Should members of parliament be checked again for previous Stasi cooperation?

From BZ editors

Once a week, ex-rulers Eberhard Diepgen (CDU) and Walter Momper (SPD) discuss topics that move the capital in the BZ Berlin. Today it’s about checking members of parliament for previous Stasi cooperation.

Eberhard Diepgen: No, after 30 years that is questionable

The history of East Germany must not be suppressed or forgotten.

I don’t want to quell my anger at the talk that the GDR was not an unjust state and the whitewashing of actual and supposed achievements in the real socialism of the GDR.

It is necessary to deal with the structures of the Stasi and their task in state and society and the work of the Stasi memorial in Hohenschönhausen.

But a further examination of the Berlin parliamentarians for the more and more theoretical possibility of a Stasi amalgamation? More than 30 years after the end of the GDR and the Stasi?

Even if East German federal states carry out a further check of elected members of their parliaments in different forms, restraint seems necessary to me. This review of freely elected MPs no longer fits the ideas of our social and legal system. This includes the statute of limitations. It is intended to create legal peace and legal certainty.

All crimes in Germany are statute-barred at the age of 30, only murder is not statute-barred. Clear deadlines also apply to information about the criminal record. In my view, there is a lot of exaggeration with informal self-determination and the associated limitation of information. I don’t see why the review of Stasi activity after more than 30 years should be a legitimate exception.

With the argument that victims of Stasi injustice would have to be examined and then MPs would have to put up with it all the more, the Berlin Stasi representative overlooks the fact that potential Stasi victims want to assert a claim against the state, which amalgamation would be omitted.

The discussion about further scrutiny of MPs distracts from the crucial task of dealing with the foundations of an unjust state.

Walter Momper: Yes, out of respect for the victims

In any case, Berlin parliamentarians should be checked again for previous Stasi cooperation. However, this does not require a law, but a simple decision by Parliament to carry out a self-examination is sufficient, as has been the case in the past.

Only those who were of legal age on October 3, 1990, i.e. who are now over 50 years old, need to be checked. In the case of the younger MPs, there is no longer any point in checking them.

Of course, it is difficult to bear when there are MPs in an elected parliament who have actively worked on the Stasi’s suppression apparatus. Of course, respect for the victims of state persecution and violent measures requires transparency here.
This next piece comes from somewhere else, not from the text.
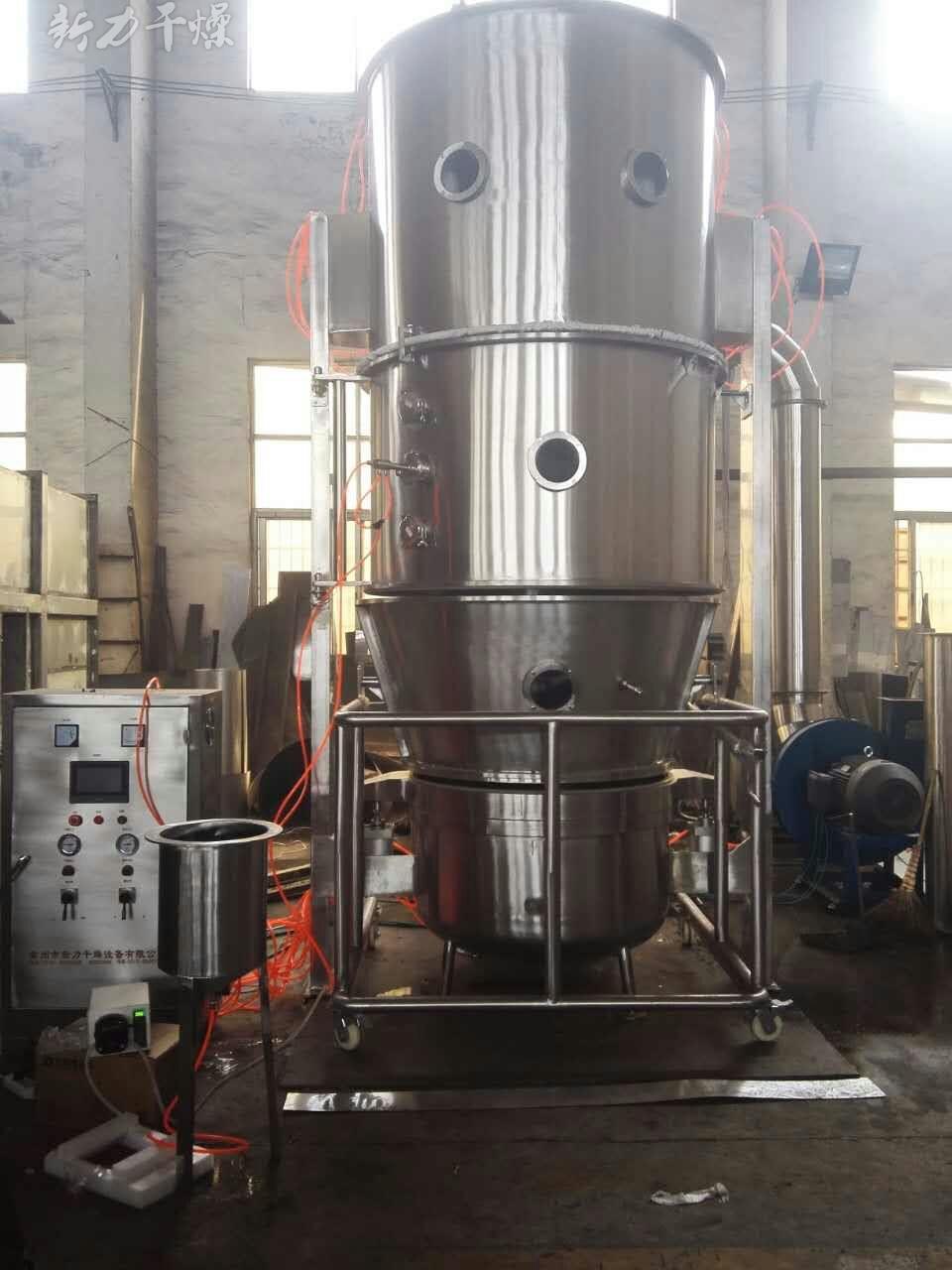 物料粉末粒子,在原料容器(流化床)中呈環(huán)形流化狀態(tài),受到經(jīng)過凈化后的加熱空氣預(yù)熱和混合,將粘合劑溶液霧化噴入,使若干粒子聚集成含有粘合劑的團粒,由于熱空氣對物料的不斷干燥,使團粒中水分蒸發(fā),粘合劑凝固,此過程不斷重復(fù)進行,形成理想的、均勻的多微孔球狀顆粒。

It turns out that even decades later, new clues are still being found in the files of the state security service, which can be used to prove activity for the Stasi.

The number of deputies who might have worked for state security in the past is decreasing due to age. As a result, checking for Stasi cooperation has lost its central importance.

But out of respect for the victims of the Stasi rule, we must continue to proceed as we have done in the past and clarify that parliamentarians and members of the government did not work for the state security of the GDR.